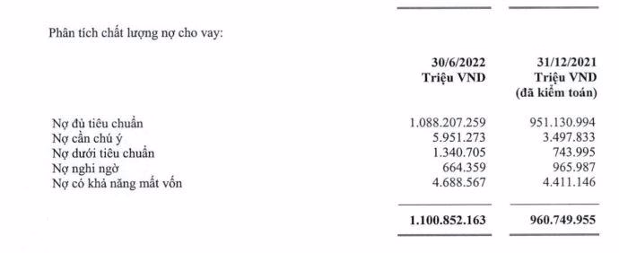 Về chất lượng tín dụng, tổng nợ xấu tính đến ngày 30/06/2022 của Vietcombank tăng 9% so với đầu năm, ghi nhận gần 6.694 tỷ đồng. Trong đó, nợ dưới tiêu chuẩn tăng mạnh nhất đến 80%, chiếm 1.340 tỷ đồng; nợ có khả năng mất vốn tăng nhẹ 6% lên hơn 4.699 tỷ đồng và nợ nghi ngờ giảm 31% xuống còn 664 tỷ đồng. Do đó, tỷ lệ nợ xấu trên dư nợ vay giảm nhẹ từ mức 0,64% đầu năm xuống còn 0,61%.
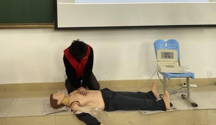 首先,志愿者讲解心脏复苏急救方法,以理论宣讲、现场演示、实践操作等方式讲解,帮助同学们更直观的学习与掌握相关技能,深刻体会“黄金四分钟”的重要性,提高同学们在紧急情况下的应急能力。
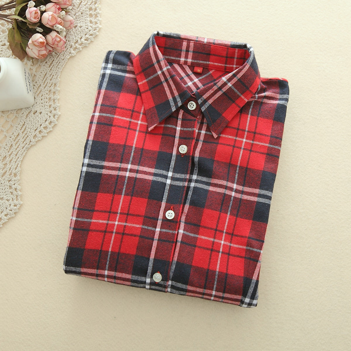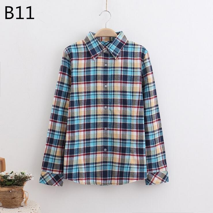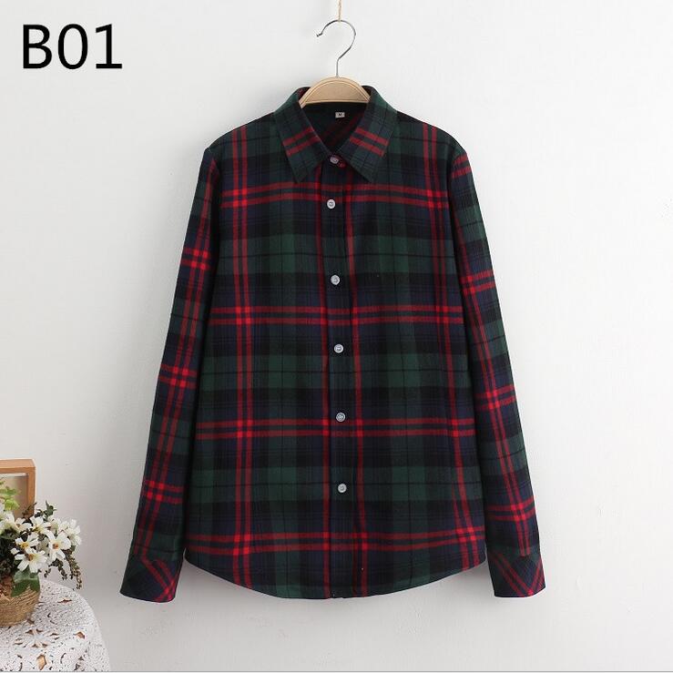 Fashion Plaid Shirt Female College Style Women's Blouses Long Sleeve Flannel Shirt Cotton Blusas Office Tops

--*--

Your objective: Transcribe the listing in full and omit the pictures.

Answer area:
 Về chất lượng tín dụng, tổng nợ xấu tính đến ngày 30/06/2022 của Vietcombank tăng 9% so với đầu năm, ghi nhận gần 6.694 tỷ đồng. Trong đó, nợ dưới tiêu chuẩn tăng mạnh nhất đến 80%, chiếm 1.340 tỷ đồng; nợ có khả năng mất vốn tăng nhẹ 6% lên hơn 4.699 tỷ đồng và nợ nghi ngờ giảm 31% xuống còn 664 tỷ đồng. Do đó, tỷ lệ nợ xấu trên dư nợ vay giảm nhẹ từ mức 0,64% đầu năm xuống còn 0,61%.
 首先,志愿者讲解心脏复苏急救方法,以理论宣讲、现场演示、实践操作等方式讲解,帮助同学们更直观的学习与掌握相关技能,深刻体会“黄金四分钟”的重要性,提高同学们在紧急情况下的应急能力。
 Fashion Plaid Shirt Female College Style Women's Blouses Long Sleeve Flannel Shirt Cotton Blusas Office Tops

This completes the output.